DATA IN THIS EXERCISE.
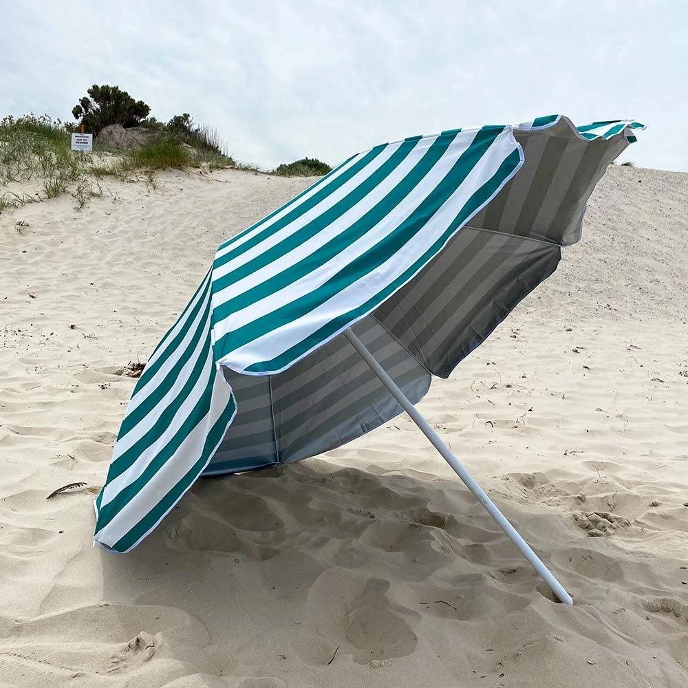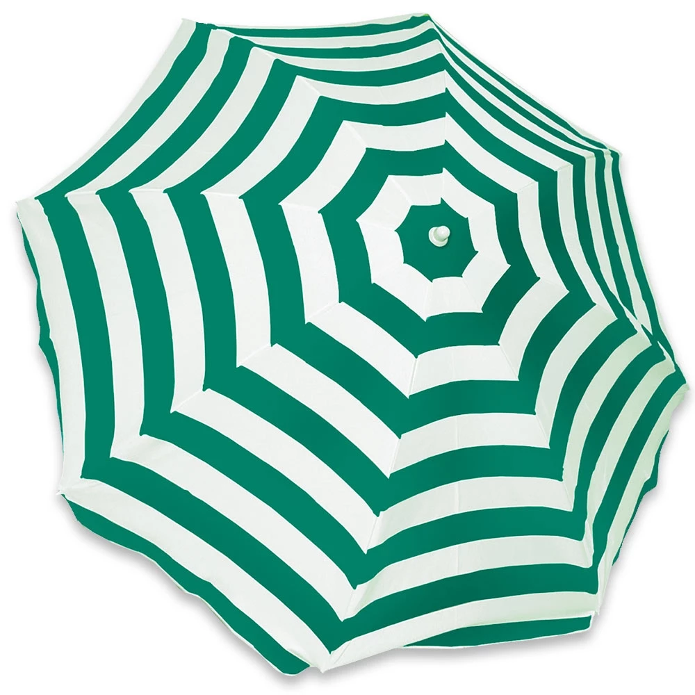 Embrace bay life thanks to its screw-in base for security on the sand and soft surfaces, supporting a robust steel frame for a sturdy seaside setup. Draped on top is a smart green and white printed canopy, silver-lined for further protection from the sun. Plus, enjoy convenient transport from the back seat to the beach thanks to the carry bag with shoulder strap.
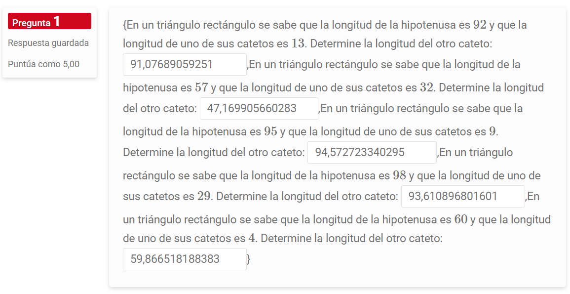 Ejemplo 15. Elabore cinco ítems distintos de respuesta corta numérica, donde en cada uno, al generarse de manera pseudoaleatoria la longitud de la hipotenusa y la longitud de un cateto de un triángulo rectángulo, coloque como opción de respuesta la longitud del cateto faltante, usando una precisión de 0.2.
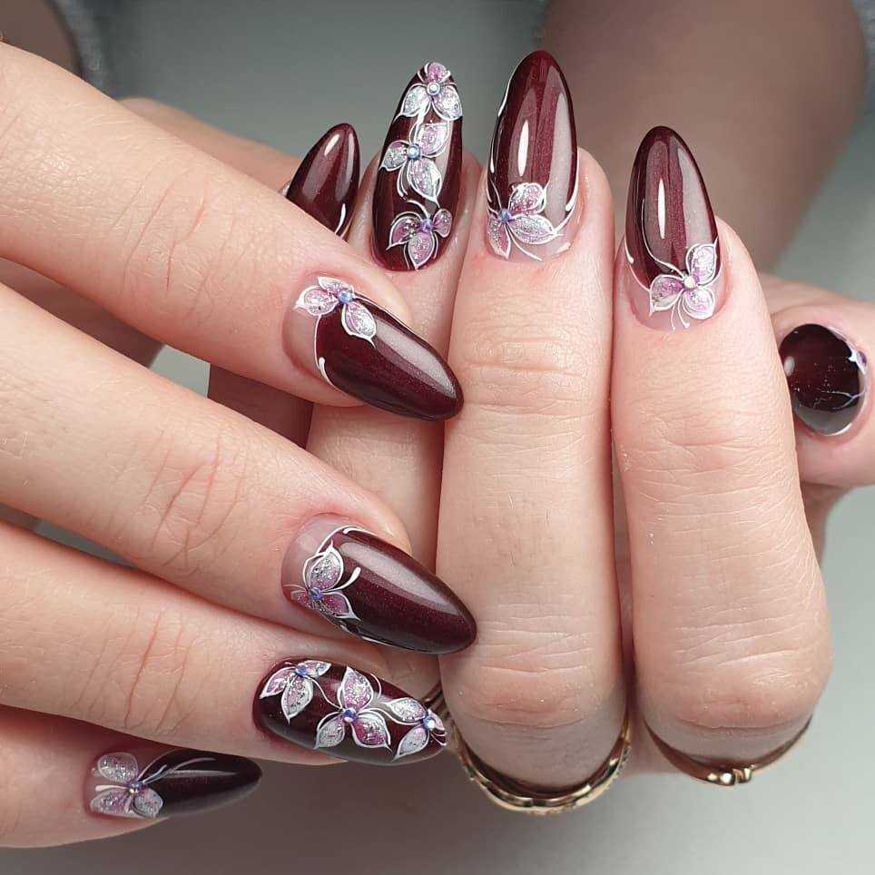 Маникюр цвета марсала
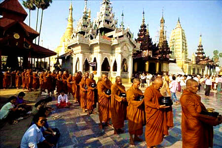 ● 早餐后前往参观【马哈伽纳扬僧院/千人僧饭】。马哈伽纳扬僧院是全缅甸最大的僧院。这里犹如一所僧人大学,学生人数接近 2000 人。每天上午 10 点,各国游客云集至此,目睹千名和尚一同用午餐的画面,冲击震撼。缅甸僧侣一天只吃 2 餐,一餐在清晨 4 点钟,一餐在上午 10 点钟,过午不食,只能喝水。至于和尚们的伙食,荤素都有,鸡鸭鱼肉、水果蔬菜、茶水饮料一样不少。因为缅甸的僧人可以吃荤,一般情况下,化缘得到什么就吃什么。
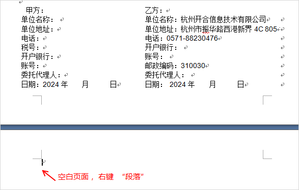 我們在做合同的時(shí)候,最后輸入的是甲方,乙方。而甲方乙方的信息很有可能是用表格來輸入的。Word插入表格后默認(rèn)在表格下方會增加一行。而這一回若放不下會進(jìn)入下一頁,形成空白頁面。 我通過了很多方法都無法刪除這個(gè)一行(就是無法刪除空白頁面)
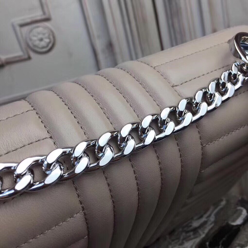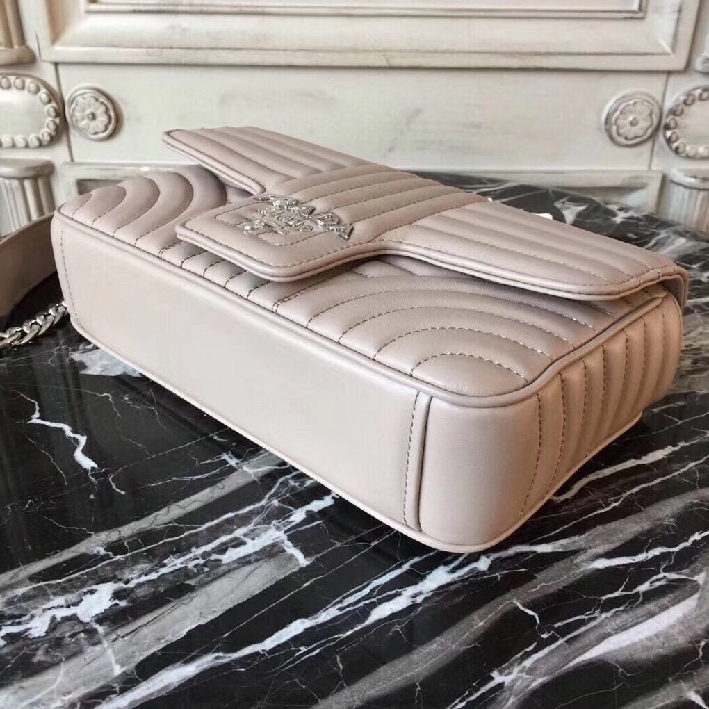 Prada has invented a complete new type of quilting. It looks modern but very sophisticated. The flap has a nose-like design and the center is crafted with the new Prada logo. This handbag is the house*s latest design and it looks like it will pave its way to the iconic status. Comes with a long chain strap for shoulder and cross body carry. The durable calfskin leather makes sure you can be fashionable without the need to baby this bag.
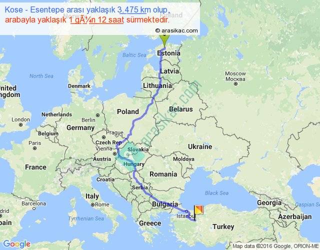 Kose - Esentepe arası yaklaşık olarak 90 km/h ile yukarıda belirtilen sürede olup, iki yerin kuş uçuşu uzaklığı (mesafesi) 2175'dir. Eğer belirtilen yerler arasında uçak seferi var ise bu süre uçakla 3 saat 20 dakika'ya kadar düşebilir. Yolculuk otobüsle 1 gün 22 saat sürmektedir.
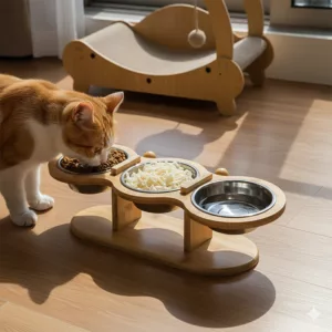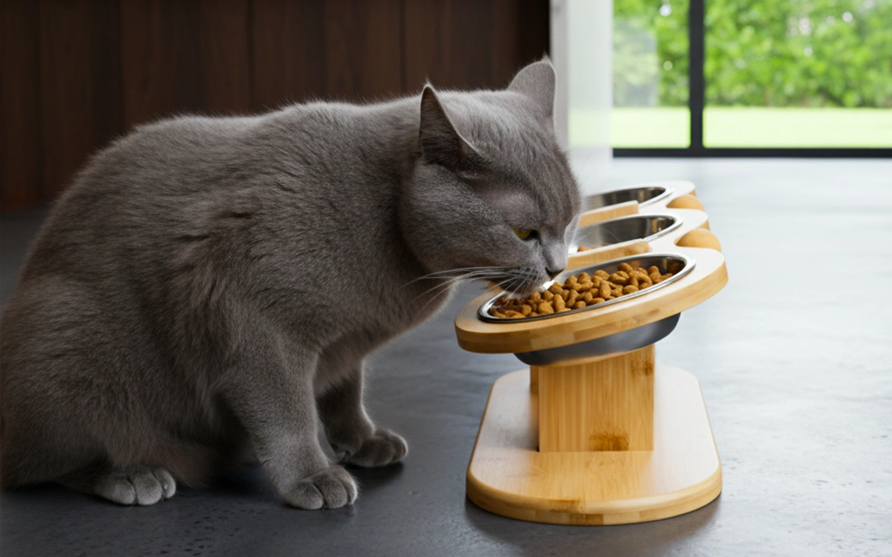 Le support en bois rend le repas élégant. Ça a aidé notre vieux chat à manger plus lentement et à mieux digérer. La cuisine reste plus propre.

WHAT THE EXERCISE ASKS.
Leave every picture out and write out exactly the lines from the line with "Ejemplo 15. Elabore" through the last line of the material.

THE COMPLETED TASK.
 Ejemplo 15. Elabore cinco ítems distintos de respuesta corta numérica, donde en cada uno, al generarse de manera pseudoaleatoria la longitud de la hipotenusa y la longitud de un cateto de un triángulo rectángulo, coloque como opción de respuesta la longitud del cateto faltante, usando una precisión de 0.2.
 Маникюр цвета марсала
 ● 早餐后前往参观【马哈伽纳扬僧院/千人僧饭】。马哈伽纳扬僧院是全缅甸最大的僧院。这里犹如一所僧人大学,学生人数接近 2000 人。每天上午 10 点,各国游客云集至此,目睹千名和尚一同用午餐的画面,冲击震撼。缅甸僧侣一天只吃 2 餐,一餐在清晨 4 点钟,一餐在上午 10 点钟,过午不食,只能喝水。至于和尚们的伙食,荤素都有,鸡鸭鱼肉、水果蔬菜、茶水饮料一样不少。因为缅甸的僧人可以吃荤,一般情况下,化缘得到什么就吃什么。
 我們在做合同的時(shí)候,最后輸入的是甲方,乙方。而甲方乙方的信息很有可能是用表格來輸入的。Word插入表格后默認(rèn)在表格下方會增加一行。而這一回若放不下會進(jìn)入下一頁,形成空白頁面。 我通過了很多方法都無法刪除這個(gè)一行(就是無法刪除空白頁面)
 Prada has invented a complete new type of quilting. It looks modern but very sophisticated. The flap has a nose-like design and the center is crafted with the new Prada logo. This handbag is the house*s latest design and it looks like it will pave its way to the iconic status. Comes with a long chain strap for shoulder and cross body carry. The durable calfskin leather makes sure you can be fashionable without the need to baby this bag.
 Kose - Esentepe arası yaklaşık olarak 90 km/h ile yukarıda belirtilen sürede olup, iki yerin kuş uçuşu uzaklığı (mesafesi) 2175'dir. Eğer belirtilen yerler arasında uçak seferi var ise bu süre uçakla 3 saat 20 dakika'ya kadar düşebilir. Yolculuk otobüsle 1 gün 22 saat sürmektedir.
 Le support en bois rend le repas élégant. Ça a aidé notre vieux chat à manger plus lentement et à mieux digérer. La cuisine reste plus propre.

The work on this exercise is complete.